* **DATASET CONTENT**
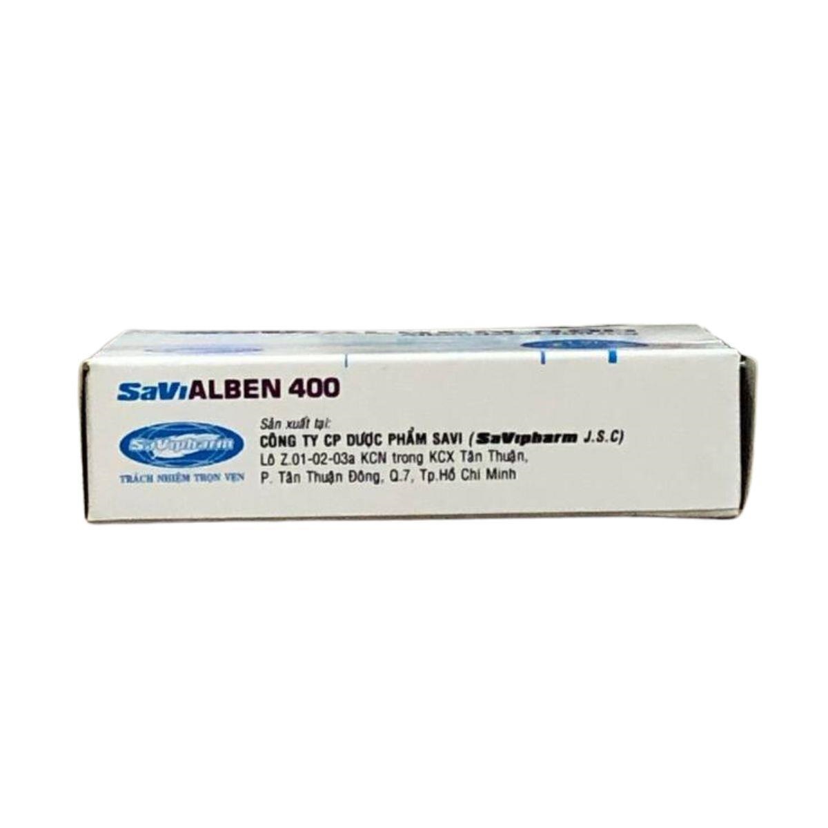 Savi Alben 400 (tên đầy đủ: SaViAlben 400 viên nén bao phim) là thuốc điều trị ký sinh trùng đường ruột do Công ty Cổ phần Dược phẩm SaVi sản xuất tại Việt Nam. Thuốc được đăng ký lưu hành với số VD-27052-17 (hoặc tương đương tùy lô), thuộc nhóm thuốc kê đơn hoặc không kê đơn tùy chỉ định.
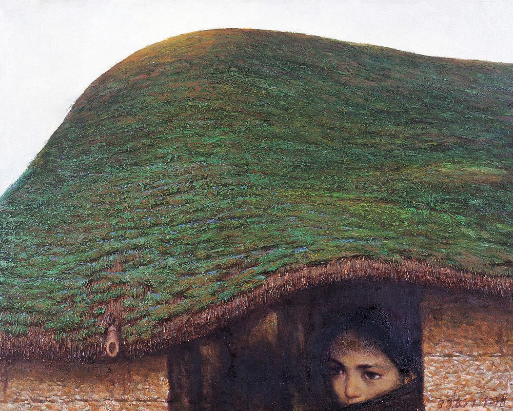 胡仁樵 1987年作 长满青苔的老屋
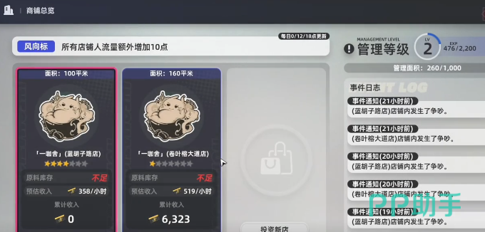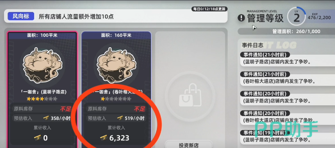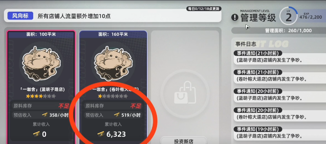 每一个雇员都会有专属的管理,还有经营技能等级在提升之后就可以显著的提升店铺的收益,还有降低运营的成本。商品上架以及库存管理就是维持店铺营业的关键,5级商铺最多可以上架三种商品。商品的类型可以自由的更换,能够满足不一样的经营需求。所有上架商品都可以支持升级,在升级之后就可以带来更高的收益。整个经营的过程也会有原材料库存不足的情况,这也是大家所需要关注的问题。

* **WHAT THIS TASK INVOLVES**
Retype the whole listing, keeping every line identical and omitting all pictures.

* **WRITTEN SOLUTION**
 Savi Alben 400 (tên đầy đủ: SaViAlben 400 viên nén bao phim) là thuốc điều trị ký sinh trùng đường ruột do Công ty Cổ phần Dược phẩm SaVi sản xuất tại Việt Nam. Thuốc được đăng ký lưu hành với số VD-27052-17 (hoặc tương đương tùy lô), thuộc nhóm thuốc kê đơn hoặc không kê đơn tùy chỉ định.
 胡仁樵 1987年作 长满青苔的老屋
 每一个雇员都会有专属的管理,还有经营技能等级在提升之后就可以显著的提升店铺的收益,还有降低运营的成本。商品上架以及库存管理就是维持店铺营业的关键,5级商铺最多可以上架三种商品。商品的类型可以自由的更换,能够满足不一样的经营需求。所有上架商品都可以支持升级,在升级之后就可以带来更高的收益。整个经营的过程也会有原材料库存不足的情况,这也是大家所需要关注的问题。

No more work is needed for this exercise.